When you repeat the listing below, keep every word exactly and leave out each picture.

▶ SUPPLIED DATA
_ _ _ _

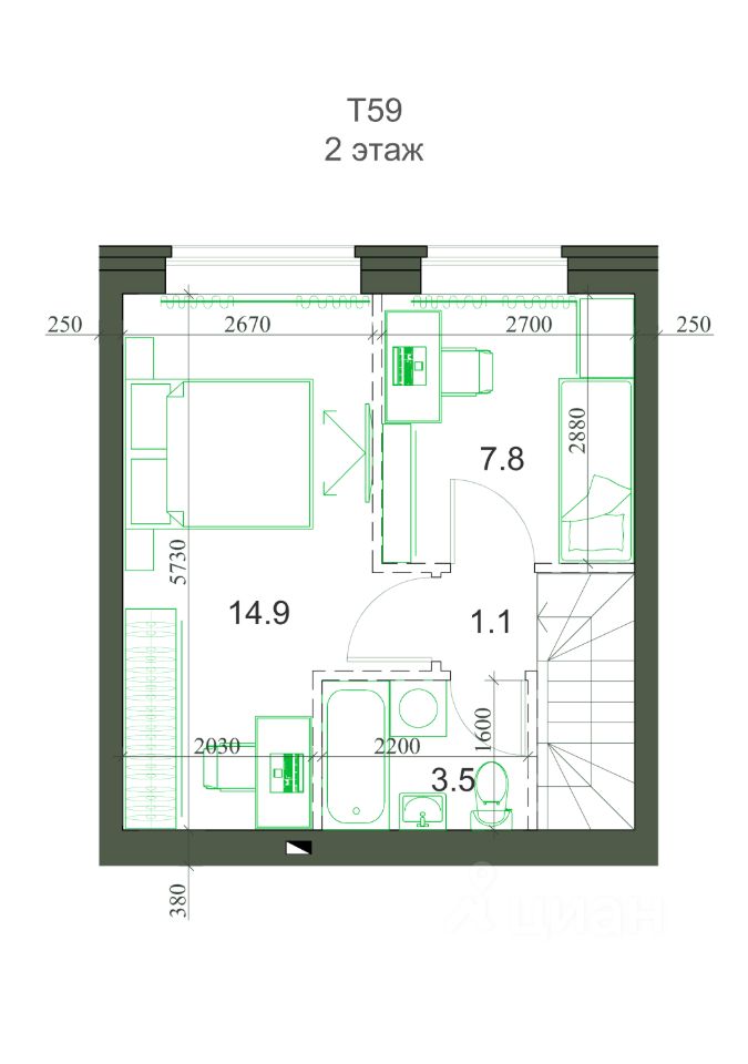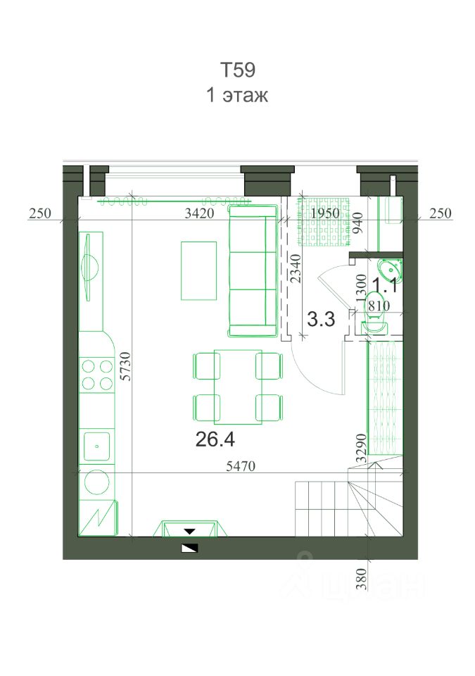 Общая площадь59 м2
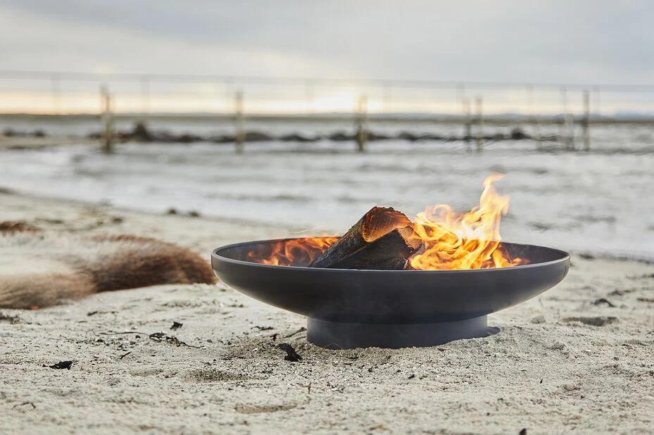 Rund bålpanne i tidløs design. Jern. Mål: 80 x 80 x 16 cm.
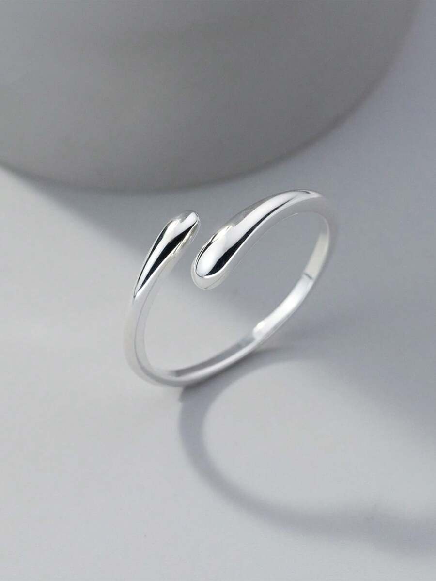 1pc S925 Sterling Silver Waterdrop Design Open Ring, Unisex Hand Accessory.
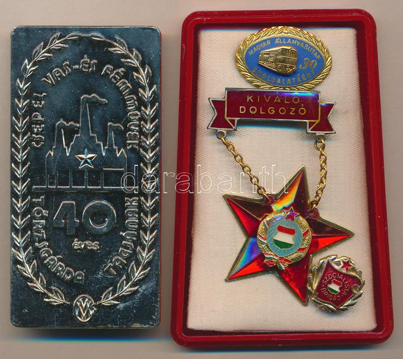 ~ 1970. "Magyar Államvasutak 30 éves szolgálatáért kitüntetés + Kiváló Dolgozó kitüntetés T:1- + "Csepel Vas- és Fémművek törzsgárda tagjának 40 év" szögletes fém plakett T:1 Eredeti díszdobozban!

_ _ _ _

▶ WRITTEN RESPONSE
 Общая площадь59 м2
 Rund bålpanne i tidløs design. Jern. Mål: 80 x 80 x 16 cm.
 1pc S925 Sterling Silver Waterdrop Design Open Ring, Unisex Hand Accessory.
 ~ 1970. "Magyar Államvasutak 30 éves szolgálatáért kitüntetés + Kiváló Dolgozó kitüntetés T:1- + "Csepel Vas- és Fémművek törzsgárda tagjának 40 év" szögletes fém plakett T:1 Eredeti díszdobozban!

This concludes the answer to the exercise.